Встречаемся через десять лет. Его мама просила зайти за вещами/едой/книгой/сумкой/зонтом/курткой/таблетками/солью/сахаром/да важно ли/мылом /перчатками/ядом/ножом/гитарой/косметикой/ключом/памятью/нитками с иголкой/бумагой и ручкой/помнишь ту кофточку/нет/не нашла/ладно/новости/сообщи/ему/он/дурак/все/перепутает/деньги/потратит/на/пиво/на/эту провинциальную шлюху/маслом. Просила зайти и задержаться, чтобы моя мама успела его разглядеть и сделать свои выводы. Я не ушла – не успела или не хотела, осталась дома, пила чай молча, чаще смотрела в окно: интересно, как много сегодня людей в шапках. Холодно, должно быть.

Надеваю шапку и иду провожать.

- Масло не забыл?

- Нет.

Я много о тебе знаю. Много из телефонных разговоров подслушала, из долгих прогулок с собакой вынюхала, из случайных знакомых, с тобой знакомых, из социальных сеточек, клеточек и тетрадей в линейку.
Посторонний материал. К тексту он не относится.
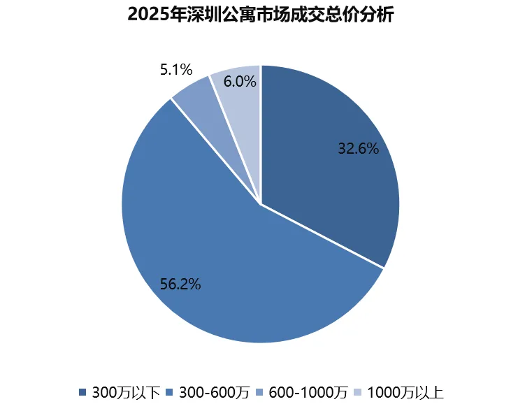 ► 总价300万以下公寓成交占比32.6%,300-600万占比提升至56.2%;1000万以上占比6%。

Я знаю, что тебя бьют. Бьет отчим, огромный и жирный, деспотичный король с расплывающейся и скользкой улыбкой, глазами голубыми, как у младенца, такими же напуганными и бездумными, с маленькими красными ушами и страстью к алкоголю. Однажды, может, в честь дня рождения или новогоднего благодушия, мы зашли к вам в гости (ты, конечно, не отмечал дома), на пару глотков чая. Твой отчим сел полуразлагающимся телом напротив и спросил, не раздумывала ли я над иконописью.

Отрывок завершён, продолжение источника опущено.